Confermo e condivido tutto quello che Emanuele ha scritto e mi unisco anch’io alle lodi non sperticate che merita questa manifestazione. È stato messo in pratica uno degli “scopi” della nostra associazione: l’attività sportiva ai fini della socializzazione e reciproca conoscenza. Qualcuno si è lamentato per l’autoambulanza sprovvista di spray antidolorifico e ghiaccio secco, ma sono peccatucci veniali. Bravi gli organizzatori, in ordine alfabetico Andrea Accorsi, Monica Barchetti e Gianfranco Gozzi, coadiuvati da Maurizio Crispi, fotografo ufficiale della manifestazione, Claudio Bernagozzi in veste di speaker e gli altri volontari. Auspico che questa esperienza sia ripetuta più volte all’anno sempre a Bologna ombelico del mondo, magari con la sola maratona, meno coppe e pacchi gara per poter contenere i prezzi.
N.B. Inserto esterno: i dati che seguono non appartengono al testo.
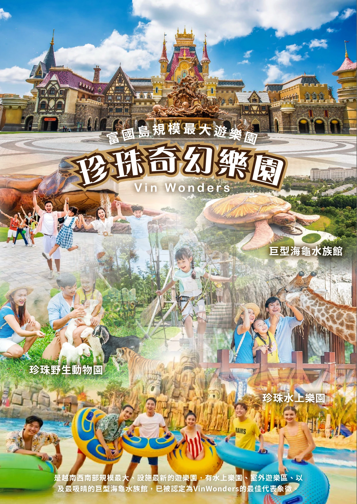 【VinWonder 珍珠奇幻樂園】於2014年11月開幕,佔地面積50 萬公頃,是越南西南部規模最大、設 施最新的遊樂園,有水上樂園、室外遊樂區、以及最吸晴的巨型海龜水族館,已被認定為VinWonders 的最佳代表象徵。來到這個充滿活力的娛樂天堂,你可以在清涼的水中盡情玩耍,或是搭乘著刺激又冒 險的遊樂設施,讓你無時無刻都歡樂開懷。主題樂園有6個分區,代表6個地區,12個獨特的主題,靈感 來自人類著名的文明、童話故事和世界軼事。所有這些都有望為所有遊客帶來神奇、新穎和迷人的體驗。 將讓您變身為勇士,發現許多世界奇觀,克服挑戰並與您心愛的人一起捕捉難忘的時刻。

Siccome il racconto di Emanuele è esaustivo, aggiungo solo una curiosità. Erano pochi i “Leoni” esenti dalle conseguenze delle libagioni pasquali del giorno prima. È capitato a me ma anche ad altri. Lungo la pista ciclabile di 560 m, correndo gomito a gomito in una novantina, ci vedevamo e “ci sentivamo” tutti. È stato un concerto di trombe e tromboni simile a quello che Dante Alighieri nella Divina Commedia, all’ultimo verso del Canto XXI dell’Inferno, ha così poeticamente descritto: “ed elli avea del cul fatto trombetta”.
Buona Pasquetta a tutti.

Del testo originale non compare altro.